I ran through the conversation in my mind. He’s definitely concerned about something, I decided. I would let my words sink
in a bit before trying to contact him again. I had worried him, and, I must admit, it felt good.

When I got to work that day, there was a message for me to call Assistant Attorney General Gerry Leone. It was now late November
1999. I told Leone everything about the case that I thought was important, including my conversation with Moss. Leone promised
to take a fresh look at the Boston Strangler files and then to meet with my family. I told him my mother had waited nearly
forty years to get answers to the questions about her sister’s murder, and a few more months wouldn’t hurt us.

Nonetheless, I knew that to get the full attention of the attorney general’s office, I needed help from the family of Albert
DeSalvo. I also knew Michael was still struggling with personal problems and would be in no shape to meet with the state’s
top law enforcement officials. It was time, then, to call Richard DeSalvo once more. My pitch to Richard took a more urgent
tone this time around. I told him the state of Massachusetts was taking the Boston Strangler case seriously again, but that
time was running out. “It’s now or never, Richard,” I warned. “We need to get this done while many of the key players are
still alive.”

This time, Richard DeSalvo was up to the challenge.

“What the hell, Casey, let’s do it,” he said.

14 : An Alliance Is Born

R ichard DeSalvo and I formed a most unusual alliance: the family of an accused serial killer joining forces with the family
of his last alleged victim in a search for the truth. Although we were now a team, we had different goals, however. I wanted
to find my aunt’s killer; to do so I would have to exonerate Albert DeSalvo. Richard wanted to clear his family name, not
so much for his brother’s sake but for his young grandchildren. He simply wanted the stigma removed from his family’s name.

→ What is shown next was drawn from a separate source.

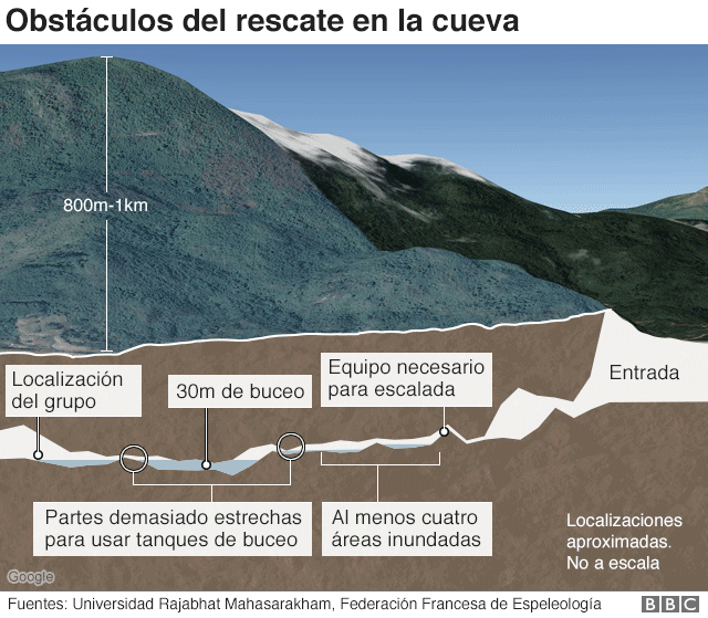 El británico Bill Whitehouse, del Consejo de Rescate, dijo a la BBC que tuvieron que navegar "por pasajes que estaban en parte inundados", lo que hacía imposible salir sin el equipo adecuado.

Back at the station, I got word that Edward Brooke was back in Boston and wanted to talk about the Boston Strangler case.
Brooke was writing his autobiography and was trying to drum up attention. My colleagues and I thought it best that I not conduct
the interview because my personal stake in the story could pose a conflict of interest. Again, I relied on my friend the veteran
reporter Charlie Austin to be my voice.

Austin caught up with the retired politician at his Boston office and asked him about the new developments in the case. “Do
you think the case should be reopened?” Austin inquired.

“If it would not bring more pain and suffering to victims’ families, I certainly would have no objection to it,” Brooke answered.

Austin asked Brooke if he had gotten the right man.

The answer was startling. “If you ask me if I’m convinced that Albert DeSalvo was the Boston Strangler,” Brooke said, “I can’t
tell them [the victims’ families]. I can’t give them a definitive answer.”